Tabig strongly denied receiving external support, claiming they rely on captured resources from Sudanese army camps. “We depend entirely on spoils of war—seizing weapons, ammunition, and vehicles from army camps, military divisions, and strategic stockpiles. Every time we liberate a military zone or crush army troops, including Al-Bara brigades and other allied armed forces, we seize more weapons and new combat vehicles,” he stated.

He further dismissed the allegation of UAE support, saying “these accusations are distractions to cover the support the army receives from Iran, Egypt, and other countries, as well as the international Muslim Brotherhood organisation.” 

Ayin communicated with the UAE foreign ministry for comment, but no response was received by the time of publication. 

Foreign actors playing Sudan’s war like a chess game (AI)

Foreign influence and Sudan’s fragile sovereignty  

The alleged foreign support for both sides highlights a troubling double standard: neither faction appears to reject external backing when it benefits their cause. However, if a country chooses to support the opposing side, both factions quickly raise the alarm about foreign intervention, using it as a weapon to undermine each other. 

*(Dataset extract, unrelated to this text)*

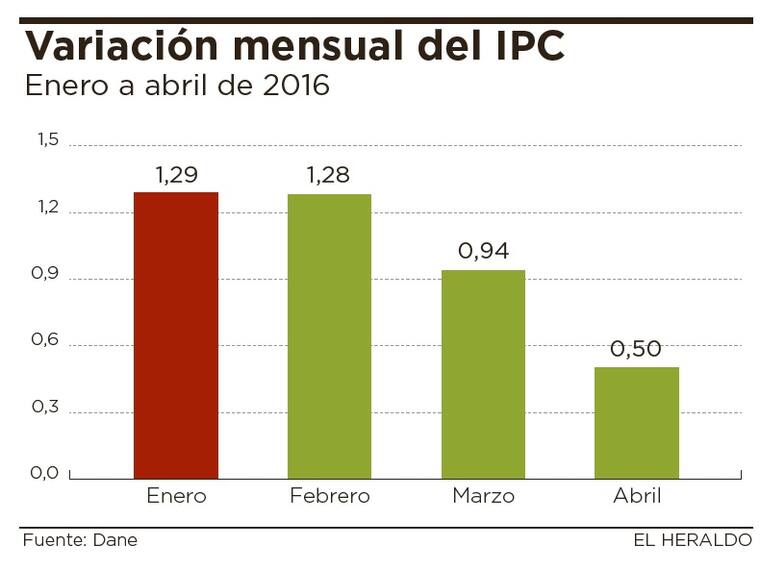 El Dane informó que entre mayo de 2015 y abril de 2016 la inflación fue 7,93%. De mayo de 2014 a abril 2015 fue de 4,64%.

Both warring sides in Sudan have received external support in various forms, raising concerns about how this assistance is being used and the implications for the country’s future. According to Sudanese political commentator and analyst Dallia Abdelmoniem, the involvement of foreign actors has further complicated the conflict and questions their motivations. “The question is, what do these outside actors benefit from their roles in the current war, what do they stand to gain, and how detrimental is that to the future of Sudan?” she said. 

Abdelmoniem highlighted examples such as the United Arab Emirates (UAE), whose actions, she argued, serve its own interests, and Russia, which allegedly supports both sides to secure benefits regardless of the outcome. 

“How can they be facilitators when their hands are full of Sudanese blood? They should first negotiate with each other to stop interfering in Sudan’s internal affairs.”

— Fathi Al-Fadol, Central Committee Member, Communist Party

Fathi Al-Fadol, a member of the central committee of the Sudanese communist party, has described the ongoing conflict in Sudan as a proxy war fuelled by foreign interference. He argued that while the war began as an internal power struggle between two factions of the same regime, it quickly escalated into a broader conflict driven by external interests. “The first execution of the war was not by chance—it was planned and carried out with the understanding and support of foreign powers.” Al-Fadol said, pointing to countries like Russia, Turkey, Iran, and the UAE as key players pursuing their own interests. 

Al-Fadol highlighted the irony of nations involved in the conflict acting as mediators, referring to Egypt and the UAE. “How can they be facilitators when their hands are full of Sudanese blood? They should first negotiate with each other to stop interfering in Sudan’s internal affairs.” He stated that if external powers ceased their involvement, the war would likely end long ago. 

Al-Fadol emphasised the role of internal factors, including the Muslim Brotherhood, which has aligned itself with the SAF as a means of survival: “For the Muslim Brotherhood, this war is existential. They’ve mobilised militias to back SAF, complicating internal dynamics ever further,” he concluded.